- _Collection entries_
┏━━
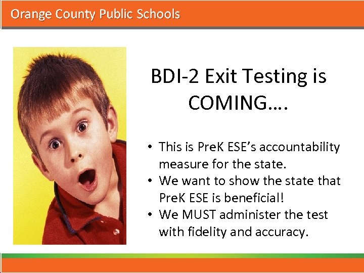 BDI-2 Exit Testing is COMING…. • This is Pre. K ESE’s accountability measure for the state. • We want to show the state that Pre. K ESE is beneficial! • We MUST administer the test with fidelity and accuracy.
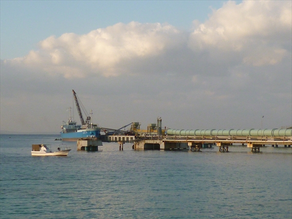 トラックが桟橋まで運んできた赤土は、沖合の土砂運搬船(台船)までベルトコンベアーでスルスルと積み込まれる。
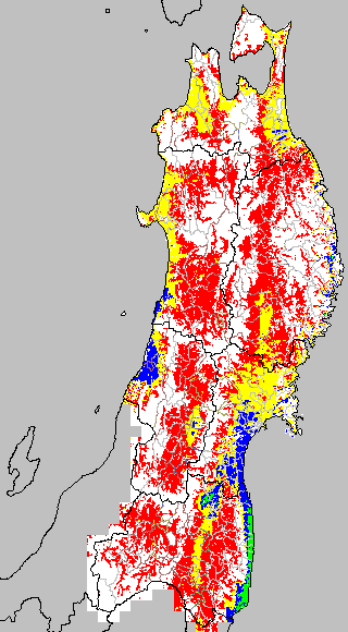 安全作期の策定にある気温指標のうち、夏作物の生育可能な気温指標10℃を用いて表示しています。10℃以下については1℃刻みで表示し、可能域がどのように推移するかをみるものです。
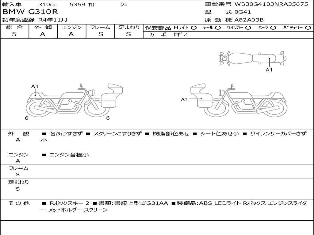 | Номер рамы / VIN | WB30G4103NRA35675 |
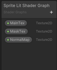 6. Create three **Texture 2D** properties by selecting the **+** on the [Blackboard](http://docs.unity3d.com/Packages/com.unity.shadergraph@12.0/manual/Blackboard.html), and then select **Texture 2D**. Name them 'MainTex', 'MaskTex', and 'NormalMap' for this example.
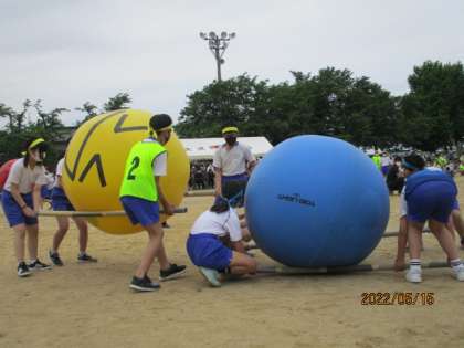 5年生はブルーシートで、6年生は棒を使って運びました。運び方がレベルアップしていても、さすが最高学年、スムーズに運んでいて練習よりもさらにうまく運んでいました。
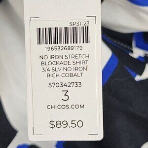 Chicos Shirt Womens 16 Multi Geometric 3/4 Sleeve Blockade Button Up NWT
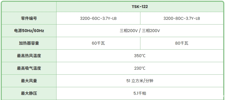 产品简介: TSK-122 零件编号 3200-60C-3.7Y-LB 3200-80C-3.7Y-LB 电源50Hz/60Hz 三相200V / 三相200V 加热器容量 60千瓦 80千瓦 最高热风温度 350℃ 最高吸气温度 230℃ 最大风量 51 立方米/分钟 最大静压 5.1千帕
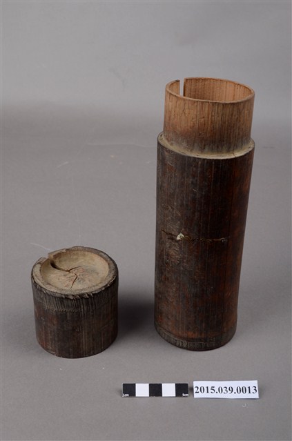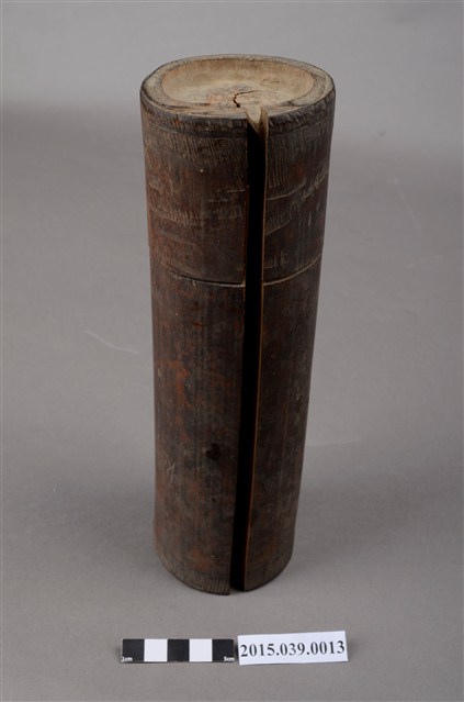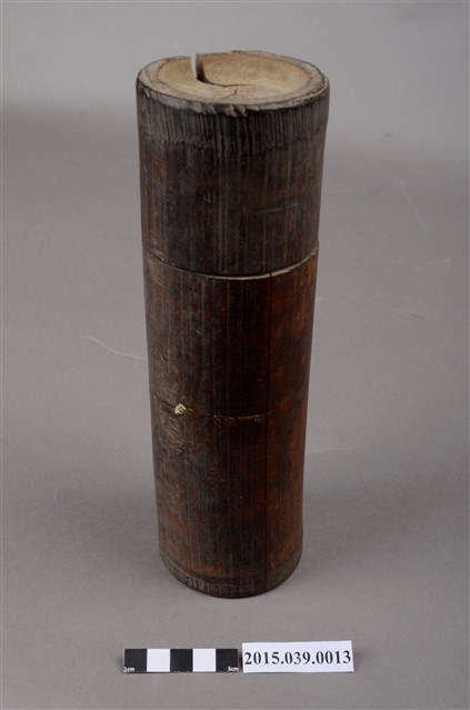 據捐贈人表示,此物件為新竹客雅庄莊家用來置放契書的竹筒。以竹筒密封存放契約,是清代民間常用的契約保存方式之一。
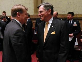 Keywords: people Senator Scheffel greets military members on the Senate floor. Senator Scheffel greets military members on the Senate floor.
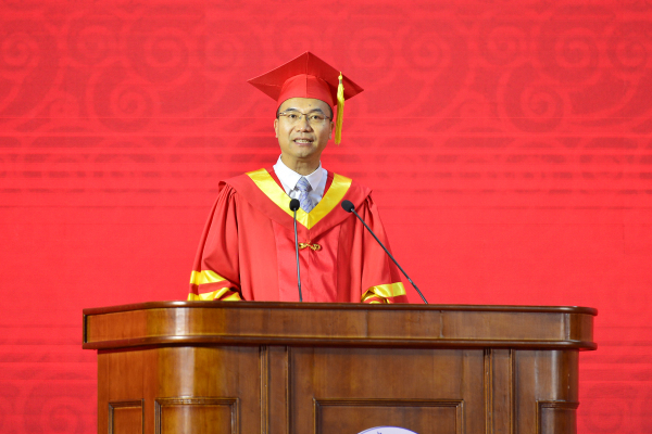 陈发棣以《以青春之名逐时代之光》寄语毕业生。陈发棣表示,四年来,同学们以青春之名,见证祖国峥嵘,参与学校发展,体悟个人成长。他期待同学们走出校园,走向社会,一要追光启程,做新时代的开拓者,在对国家和人民的实际贡献中,锤炼成栋梁之才,用青春的力量挑起民族复兴重任。二要披光远征,做新时代的奋进者,葆有对大地的赤诚,对逆境的善意、对独立的追求和对奋斗的执着,厚植爱农情怀,练就兴农本领,用坚强的意志应对人生的不确定,恪守南农人的理性与笃定,锐意创新、敢为人先、蓬勃向上,奋进新时代。三要发光有为,做新时代的领跑者,到祖国和人民最需要的地方去,到时代变革的最前沿去,担起建设科技强国、农业强国的时代使命。陈发棣祝愿同学们带着母校的祝福,汲取大地的力量,坚定人生的信念,绽放精彩,成就幸福,创造未来。
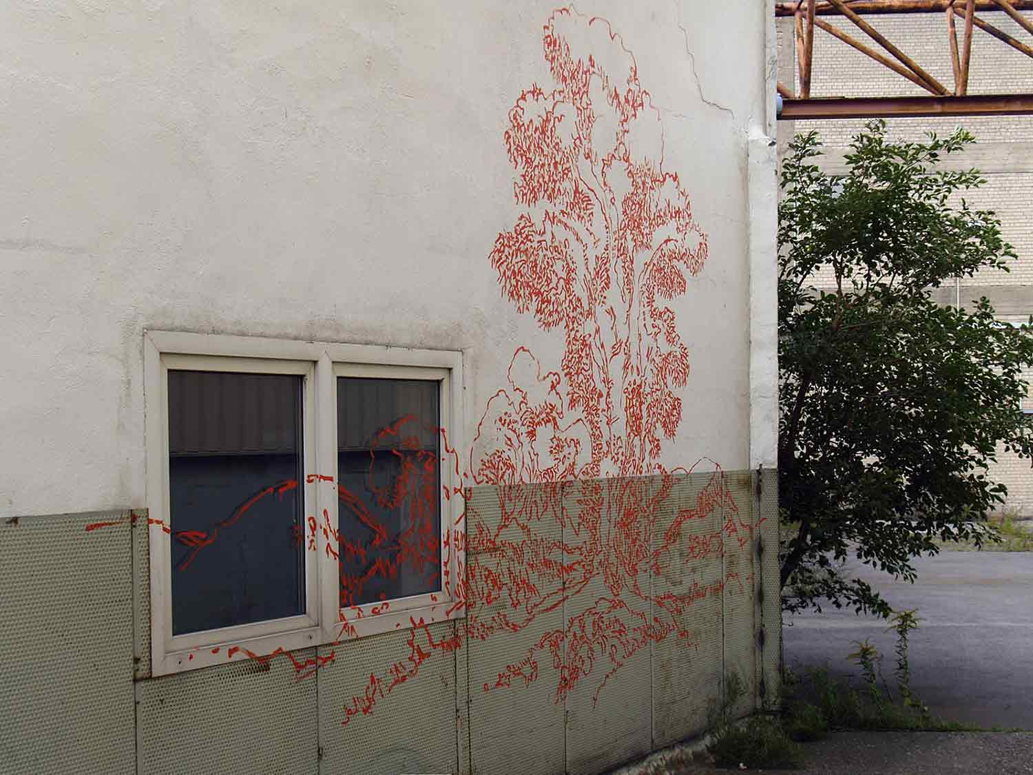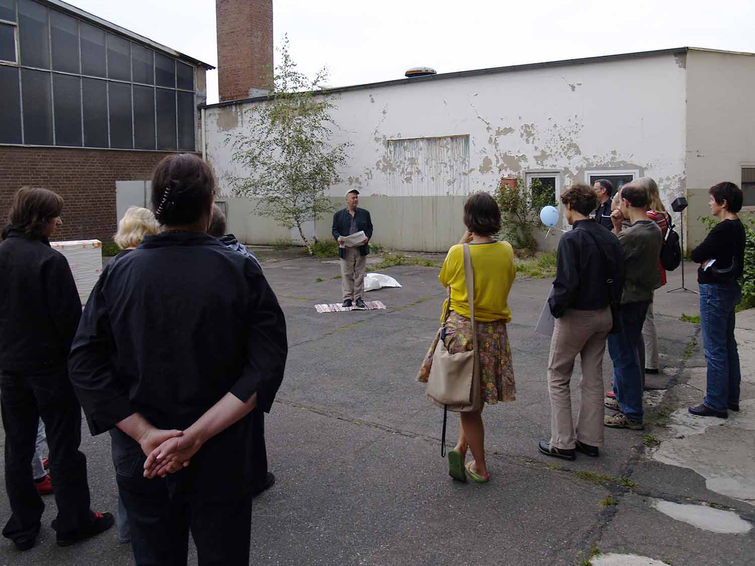 Für die Ausstellung „New Fabric“ wurde erstmalig ausschließlich der Innenhof des Atelierhauses als Ausstellungsfläche genutzt, und das auch zum einzigen Mal: Mit der Präsentation reagierten die Künstler*innen auf den bevorstehenden Abriss der umliegenden Fabrikbebauung, der die Vorzüge eines vielseitig genutzten, geschützten Hinterhofes schlagartig zunichte machte.
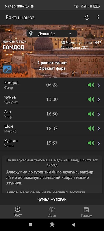 塔吉克斯坦所有城市和地区的祈祷时间。
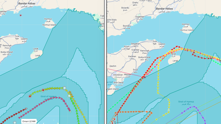 AIS transponderi za dva teretna broda bili su onesposobljeni pri prilazu tjesnacu, tako da ih nije moguće pratiti kako plove oko otoka Larak; međutim, njihov signal se ponovno pojavljuje u blizini iranske obale, što ukazuje na to da su i oni napravili zaobilazni put. Značajno je da jedan od brodova za rasuti teret koji je nedavno izašao iz zaljeva uobičajenim, kraćim putem kroz omanske teritorijalne vode nije došao iz Irana.
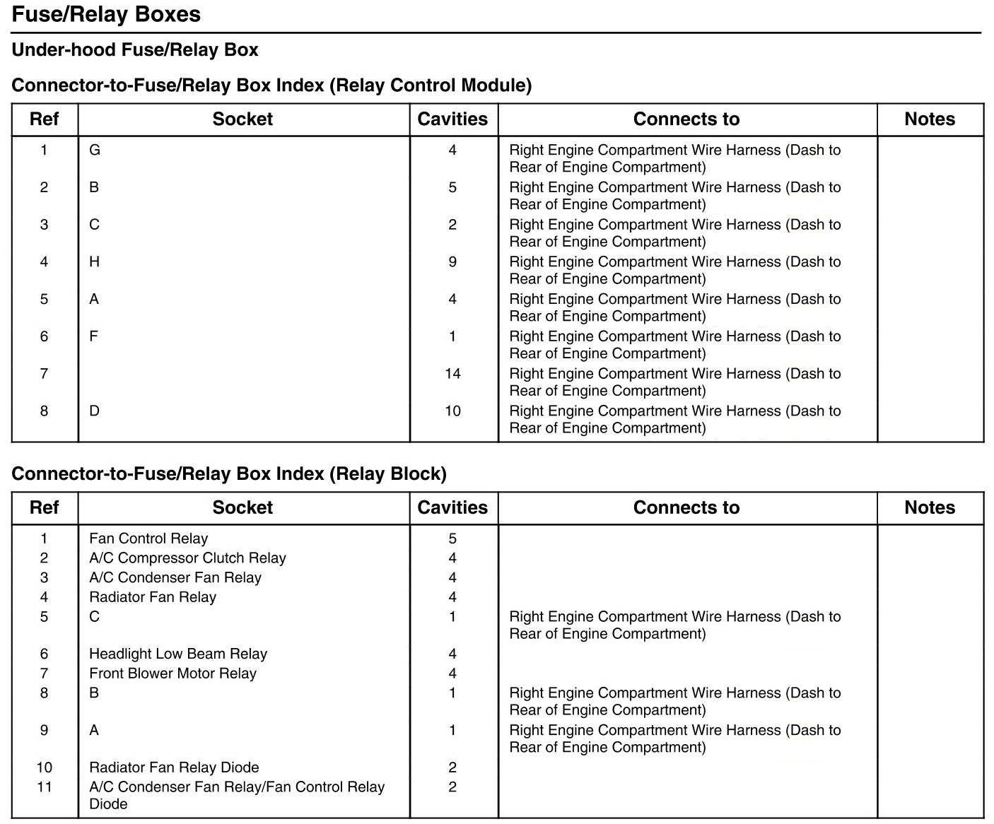 Under-Hood Fuse/Relay Box - Connector-to-Fuse/Relay Box Index (Relay Control Module/Relay Block)
┗━━
- _Description of the task_
Could you reproduce every record above exactly, leaving out the pictures?

- _Problem solution_
 BDI-2 Exit Testing is COMING…. • This is Pre. K ESE’s accountability measure for the state. • We want to show the state that Pre. K ESE is beneficial! • We MUST administer the test with fidelity and accuracy.
 トラックが桟橋まで運んできた赤土は、沖合の土砂運搬船(台船)までベルトコンベアーでスルスルと積み込まれる。
 安全作期の策定にある気温指標のうち、夏作物の生育可能な気温指標10℃を用いて表示しています。10℃以下については1℃刻みで表示し、可能域がどのように推移するかをみるものです。
 | Номер рамы / VIN | WB30G4103NRA35675 |
 6. Create three **Texture 2D** properties by selecting the **+** on the [Blackboard](http://docs.unity3d.com/Packages/com.unity.shadergraph@12.0/manual/Blackboard.html), and then select **Texture 2D**. Name them 'MainTex', 'MaskTex', and 'NormalMap' for this example.
 5年生はブルーシートで、6年生は棒を使って運びました。運び方がレベルアップしていても、さすが最高学年、スムーズに運んでいて練習よりもさらにうまく運んでいました。
 Chicos Shirt Womens 16 Multi Geometric 3/4 Sleeve Blockade Button Up NWT
 产品简介: TSK-122 零件编号 3200-60C-3.7Y-LB 3200-80C-3.7Y-LB 电源50Hz/60Hz 三相200V / 三相200V 加热器容量 60千瓦 80千瓦 最高热风温度 350℃ 最高吸气温度 230℃ 最大风量 51 立方米/分钟 最大静压 5.1千帕
 據捐贈人表示,此物件為新竹客雅庄莊家用來置放契書的竹筒。以竹筒密封存放契約,是清代民間常用的契約保存方式之一。
 Keywords: people Senator Scheffel greets military members on the Senate floor. Senator Scheffel greets military members on the Senate floor.
 陈发棣以《以青春之名逐时代之光》寄语毕业生。陈发棣表示,四年来,同学们以青春之名,见证祖国峥嵘,参与学校发展,体悟个人成长。他期待同学们走出校园,走向社会,一要追光启程,做新时代的开拓者,在对国家和人民的实际贡献中,锤炼成栋梁之才,用青春的力量挑起民族复兴重任。二要披光远征,做新时代的奋进者,葆有对大地的赤诚,对逆境的善意、对独立的追求和对奋斗的执着,厚植爱农情怀,练就兴农本领,用坚强的意志应对人生的不确定,恪守南农人的理性与笃定,锐意创新、敢为人先、蓬勃向上,奋进新时代。三要发光有为,做新时代的领跑者,到祖国和人民最需要的地方去,到时代变革的最前沿去,担起建设科技强国、农业强国的时代使命。陈发棣祝愿同学们带着母校的祝福,汲取大地的力量,坚定人生的信念,绽放精彩,成就幸福,创造未来。
 Für die Ausstellung „New Fabric“ wurde erstmalig ausschließlich der Innenhof des Atelierhauses als Ausstellungsfläche genutzt, und das auch zum einzigen Mal: Mit der Präsentation reagierten die Künstler*innen auf den bevorstehenden Abriss der umliegenden Fabrikbebauung, der die Vorzüge eines vielseitig genutzten, geschützten Hinterhofes schlagartig zunichte machte.
 塔吉克斯坦所有城市和地区的祈祷时间。
 AIS transponderi za dva teretna broda bili su onesposobljeni pri prilazu tjesnacu, tako da ih nije moguće pratiti kako plove oko otoka Larak; međutim, njihov signal se ponovno pojavljuje u blizini iranske obale, što ukazuje na to da su i oni napravili zaobilazni put. Značajno je da jedan od brodova za rasuti teret koji je nedavno izašao iz zaljeva uobičajenim, kraćim putem kroz omanske teritorijalne vode nije došao iz Irana.
 Under-Hood Fuse/Relay Box - Connector-to-Fuse/Relay Box Index (Relay Control Module/Relay Block)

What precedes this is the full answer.